Rajon Rondo’s mid-game turnaround
I glossed over this in my game recap (I should have discussed it more), but Rajon Rondo started off last night’s game horribly. He looked either drunk, high, halfway asleep, or D) All of the above. He airmailed one pass into the 12th row. He jumped into the air to throw another pass, and simply dropped it on the floor when he found nobody open. Sometime near the end of the first quarter, I thought to myself, “This is weird. Rondo’s not controlling this game. At all.”
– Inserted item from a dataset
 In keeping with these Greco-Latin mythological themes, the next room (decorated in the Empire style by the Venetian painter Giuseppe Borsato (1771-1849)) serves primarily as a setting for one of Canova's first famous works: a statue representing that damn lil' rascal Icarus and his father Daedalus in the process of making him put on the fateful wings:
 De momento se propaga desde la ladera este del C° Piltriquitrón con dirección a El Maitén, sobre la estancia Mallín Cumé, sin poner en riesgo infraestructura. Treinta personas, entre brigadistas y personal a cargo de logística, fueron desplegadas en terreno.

Thankfully, it didn’t happen for long. Rondo started involving everybody (Paul Pierce said it was literally everybody, ”He got the popcorn man involved, he got the announcer involved, he got everybody involved tonight.”) and the rest was history. No, really, it was history. Rondo was just the second player in NBA history to record a triple-double while also registering 24 assists. (The other player? Isiah Thomas, who also had 24 assists in his triple-double. That could be a bad sign if Rondo ever chooses to become a GM.) His 24 assists were also the second-highest single-game total in Celtics history (Bob Cousy, 28), and his 50 assists so far this year tie John Stockton for the most assists ever over a season’s first three games.
Somehow, Rondo put his initially putrid start behind him. It reminded me of that saying you always hear about great shooters – they may miss twelve shots in a row, but they know the next one’s going down. Rondo may have turned the ball over twelves times in a row (okay, not really, it just felt like it), but he knows things are going to turn around. He has the confidence to stay aggressive even after all those miscues.
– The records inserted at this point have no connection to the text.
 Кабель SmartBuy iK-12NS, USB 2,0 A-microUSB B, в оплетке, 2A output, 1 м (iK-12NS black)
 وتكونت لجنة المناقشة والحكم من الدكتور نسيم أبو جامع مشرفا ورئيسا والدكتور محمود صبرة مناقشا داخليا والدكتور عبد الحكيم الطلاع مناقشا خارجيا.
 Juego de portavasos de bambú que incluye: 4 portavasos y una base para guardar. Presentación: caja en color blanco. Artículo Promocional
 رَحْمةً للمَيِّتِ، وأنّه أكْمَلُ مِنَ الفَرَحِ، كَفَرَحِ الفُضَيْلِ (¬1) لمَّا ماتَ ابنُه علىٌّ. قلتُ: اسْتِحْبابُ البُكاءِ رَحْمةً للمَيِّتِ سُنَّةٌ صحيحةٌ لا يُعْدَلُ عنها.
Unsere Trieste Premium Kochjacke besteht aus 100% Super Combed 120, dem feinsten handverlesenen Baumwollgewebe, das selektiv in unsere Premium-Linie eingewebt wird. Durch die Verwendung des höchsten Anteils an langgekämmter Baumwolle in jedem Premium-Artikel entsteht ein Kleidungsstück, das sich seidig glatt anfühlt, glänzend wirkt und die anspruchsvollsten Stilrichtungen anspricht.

“Usually when you start off turning the ball over you get conservative,” Doc Rivers told CelticsBlog’s Jimmy Toscano. “It’s rare that you start the way he started the game and then still end up with the game he had. That’s a great sign for us and his mental toughness. A year ago, two years ago, no way that happens. He holds onto it or he calls safe plays.”
Not anymore. The new, aggressive Rondo seems here to stay. Gradually, he has become accustomed to his role as the Celtics’ most important player. Gradually, he has grown from the weak link on a title team to the MVP for a contender.
“They kept trusting in me,” Rondo told the Boston Herald. “Doc stayed with me, as well. If it wasn’t for that, it probably would have been the worst game I ever played.
“The first half was pretty bad. I couldn’t make shots, I turned the ball over, missed free throws. I just kept grinding, kept going. And, like I said, they believed in me.”
But more importantly, he now believes in himself. Even after things go wrong. Even after a few of his passes target the wrong team, or the man in the 12th row, or even the TD Garden floor.
“I give my teammates credit,” Rondo said, later adding, “It’s all about your teammates.”
Not always, Rondo. A lot of the time, it’s all about you.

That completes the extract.